Monday, March tenth.
On the eighth it snowed hard all day and both of us worked at our trade indoors. The ninth dawned fresh and clear and cold. It was too windy to go out onto the bay as we had intended, so, not to be entirely cheated out of an excursion, we packed a bag of various supplies and set off for the ridge to the eastward.
It was glorious in the woods. New fallen snow lay upon the tree branches; the sun touched only the tallest tops, the wind rustled them now and then and made it snow again below. We came out upon the summit of the ridge more to the north than we had ever been before and from there beheld again the open sea. Nothing can be more wonderful than to emerge from the dense forest onto such a view! Right on the ridge we built a fire beneath the arched roots of a large tree. Rockwell will long remember that wonderful chimney beneath the roots. I painted on one of the canvases I had brought while Rockwell played about or cut wood for the fire. Presently the can of beans that we’d laid in the ashes went pop!—and we knew that dinner was ready. So we sat down and ate the good beans, bread and peanut butter, and chocolate,—while our backs sizzled and our bellies froze. But we loved it and Rockwell proposed that we spend three or four days there like that. Then after more painting and some play in the snow we came home again.

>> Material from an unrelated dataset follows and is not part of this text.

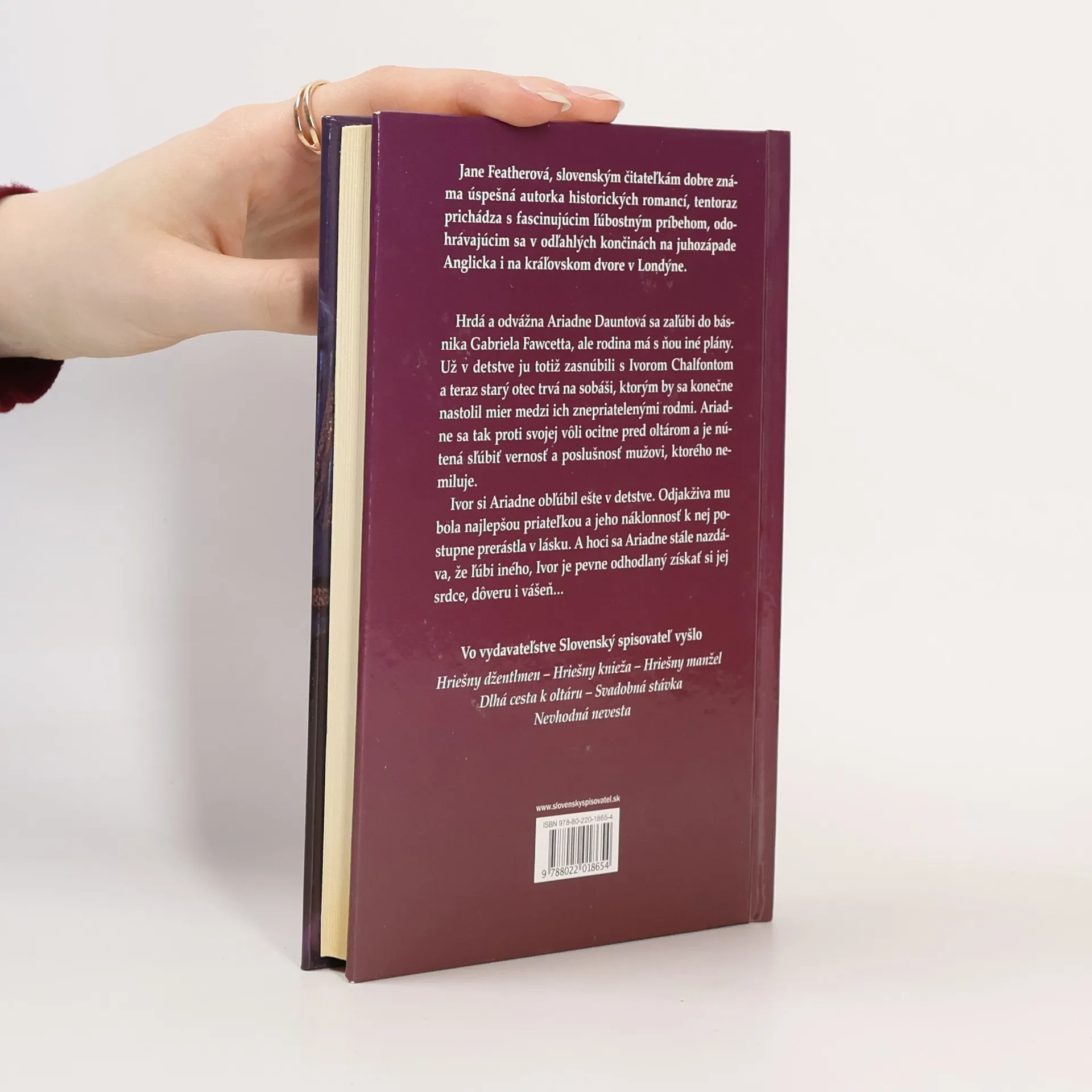 Fascinujúci ľúbostný príbeh. Hrdá a odvážna Ariadne Dauntová sa zaľúbi do básnika Gabriela Fawcetta, ale rodina má s ňou iné plány. Už v detstve ju zasnúbili s Ivorom Chalfontom a teraz starý otec trvá na sobáši, ktorým by sa konečne nastolil mier medzi ich znepriatelenými rodmi. Ariadne sa tak proti svojej vôli ocitne pred oltárom s mužom, ktorého nemiluje. Ivor si Ariadne obľúbil ešte v detstve a jeho náklonnosť k nej postupne prerástla v lásku. A hoci sa Ariadne stále nazdáva, že miluje iného, Ivor je odhodlaný získať si jej srdce, dôveru i vášeň...

But the beautiful days must be busy ones for me. I painted out on the lake for an hour or more; after that again-this time the glorious sunset. After supper bread to bake and then, tired out, early to sleep in our great, hard, comfortable bed. Olson would have started to-day had the weather been moderate. But it has blown fiercely from the north—and still it blows. All day I worked packing and now my boxes are made and nearly filled. It is surely true that we are going! All day it has seemed to me to be fall. We had thought of that before during these recent days. We scent it and feel it. I believe that it’s the end of a real summer in our lives that we taste the sadness of.